The puck went the other way and was in the BU goal within 10 seconds. Ridderwall scored the power-play goal at 2:53, his second of the season. “We had some bad breaks,” Parker said. “We come down on a breakaway and don’t score, and then they come right back and score. It’s funny how often that happens.”

From there on, it was all BU. Freshman Ryan Santana hit a post at 4:00, and Connolly hit another post at 7:30 when trying to bury a rebound on a power play. Around the 11-minute mark, BU dominated territorially, keeping the puck in the Irish zone for the better part of two minutes.

After going on a power play with 3:24 left, the Terriers pulled Millan in the hopes of sparking of offense. Terrier fans hoping for a championship-game flashback were sorely disappointed, though, and BU was skunked for the first time since a 0-0 tie against Lowell on Feb. 2, 2007.
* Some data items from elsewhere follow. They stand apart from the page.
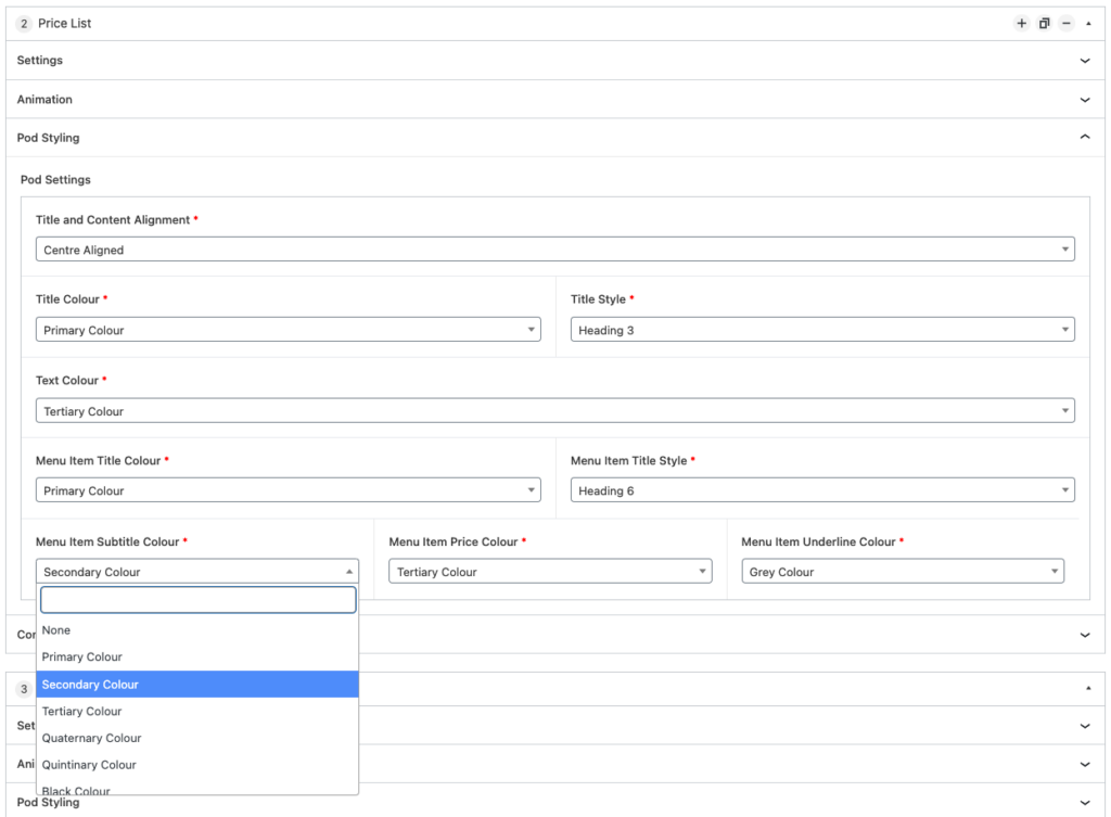 Note that once configured, brand colours may be selected as background / text / foreground colours across all applicable components, along with the navigation bar and footer.
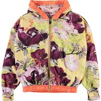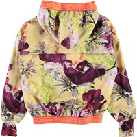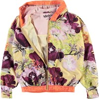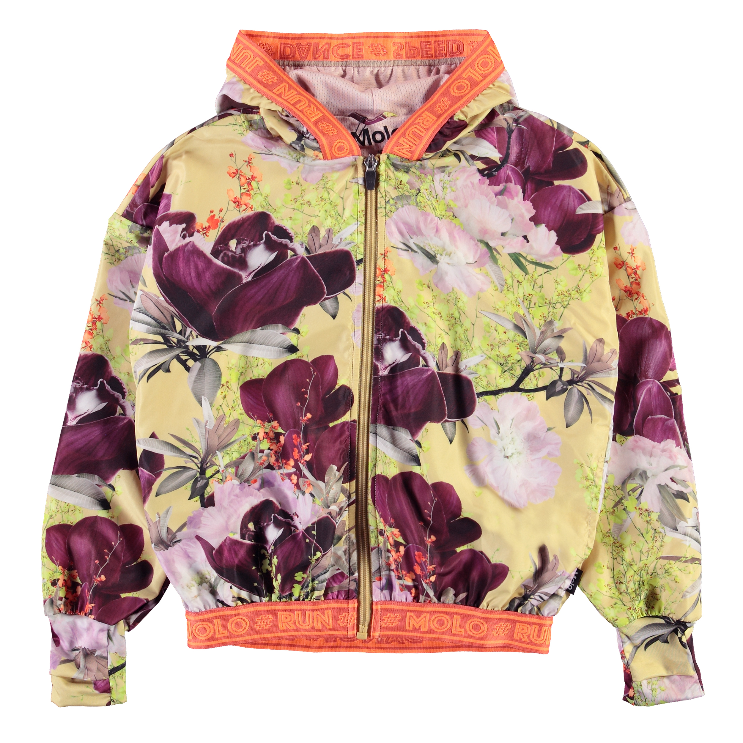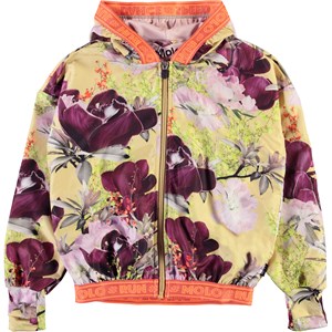 Ophelia er en luftig sportsjakke i lysegul med blomster print. Jakken har lynlås lukning og hætte, samt orange kantebånd med tekst. Jakken er en del af Molo's sportskollektion, som er med til at binde mode og sport tættere sammen. Kombiner Ophelia med en af de matchende styles fra Molo's sportskollektion for et komplet og cool look. Molo’s sportskollektion er fremstillet med en unik high-performance teknologi kaldet HeiQ Smart Temp, der understøtter kroppens naturlige nedkøling. Kølefunktionen aktiveres, når duer varm og svedig. Kølefunktionen deaktiveres, når kroppen er nedkølet. HeiQ Smart Temp sikrer optimal komfort og ydeevne. Testet uafhængigt som sikkert for huden.
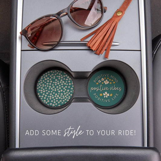 Car Coaster 2-Pack Kalia Lane-Positive Vibes & Floral Pattern
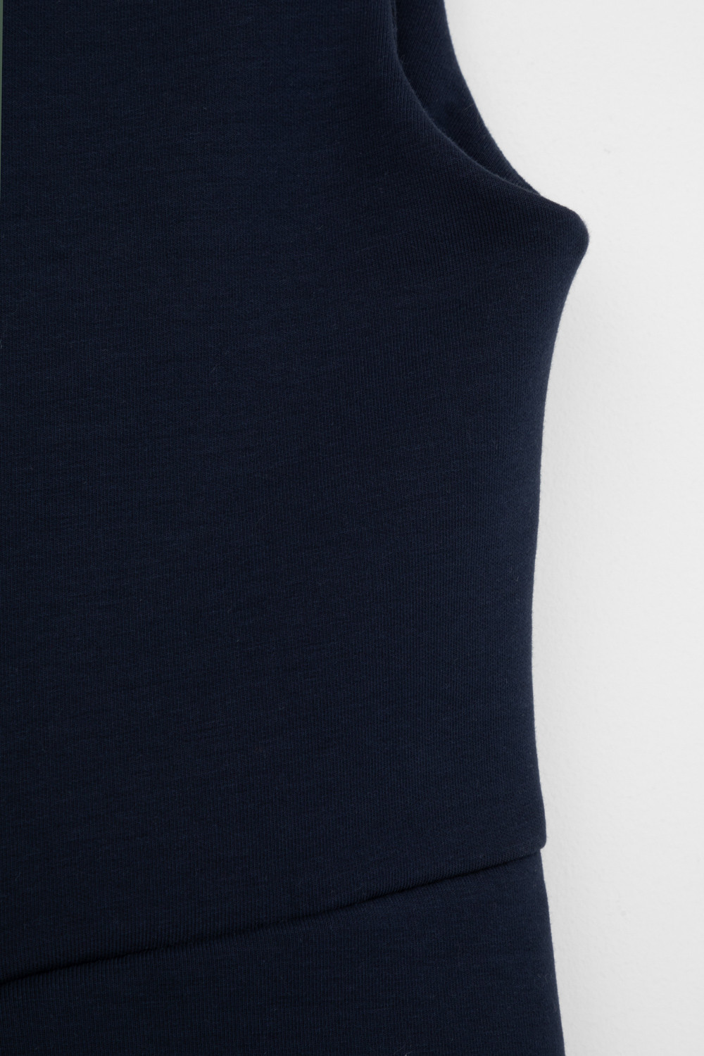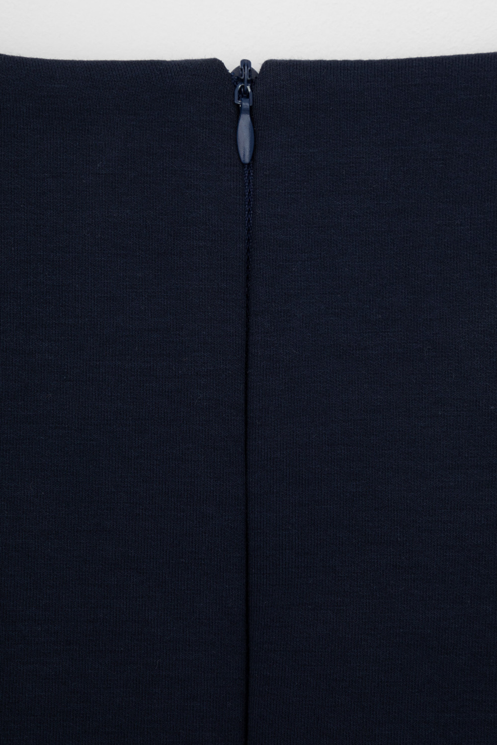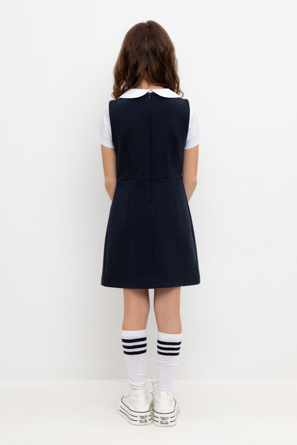 Сарафан школьный для девочки. Сшит из плотного трикотажа тёмно-синего цвета. Застёгивается на спинке на потайную молнию. Украшен широкой складкой впереди по центру.

BU’s sluggish start did not surprise the Terriers coach. “It didn’t surprise because our last two practices after losing a game weren’t very good either,” Parker said. “The way you play is the way you practice, and we weren’t all that jacked up yesterday or the day before. … We are not as determined as we have to be, and we went through a little of this last year, too.”

He also expressed displeasure with how slow his team was with the puck on the power play. On the brighter side, Parker was pleased by the effort of many freshmen and others who played little last year but felt that his upperclassmen generally weren’t what they needed to be.
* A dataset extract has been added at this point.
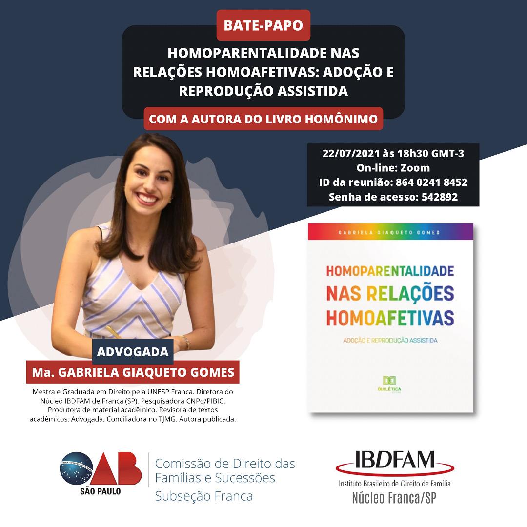 Bate-papo será realizado às 18h30, por meio da plataforma Zoom. Com a advogada Gabriela Giaqueto Gomes, diretora do Núcleo de Franca do Instituto Brasileiro de Direito de Família - IBDFAM e autora do livro "Homoparentalidade nas relações homoafetivas: adoção e reprodução assistida".
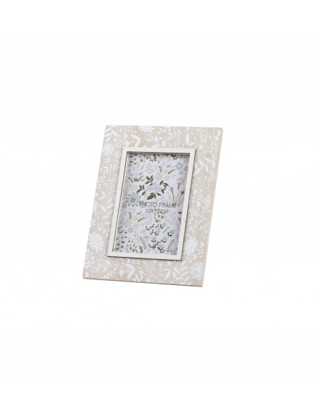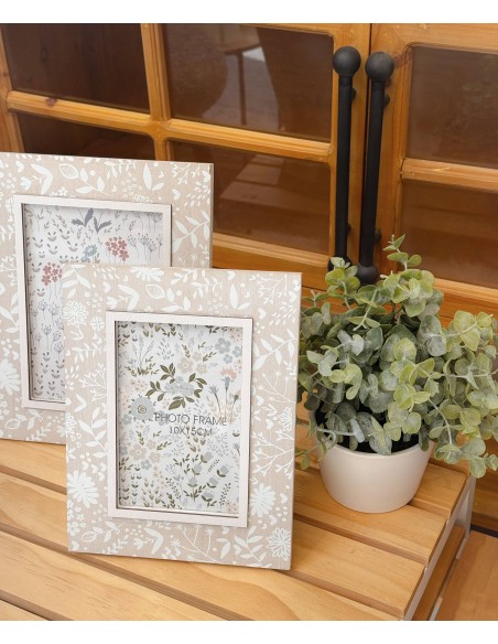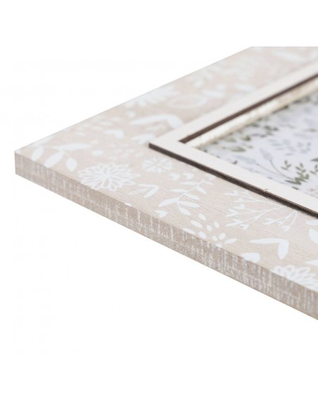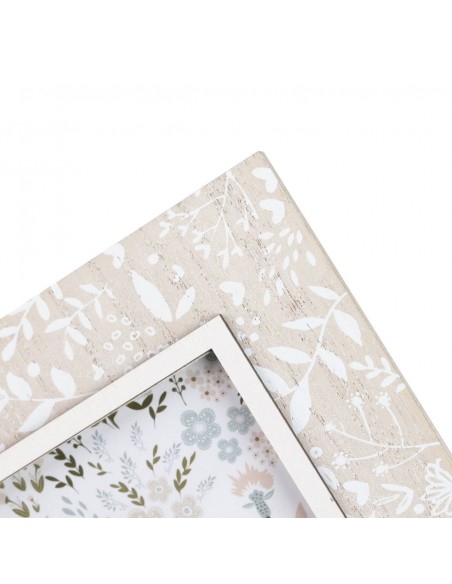 Este marco combina una base de madera clara con un sutil estampado blanco de motivos florales que lo hace muy especial.

It was obviously a satisfying win for Notre Dame. “I just think we played with a lot more urgency,” Jackson said. “We hadn’t played with urgency in the first four games — maybe a little the second night of both series. Tonight we played with more urgency, and it was good to see. I was hoping that BU would get the best out of us in that regard. We were much more attentive, and we battled a lot harder.”

Notre Dame (3-2-0) hosts Boston College on Friday, while BU (0-2-0) faces another ranked CCHA opponent when No. 5 Michigan comes to town Saturday.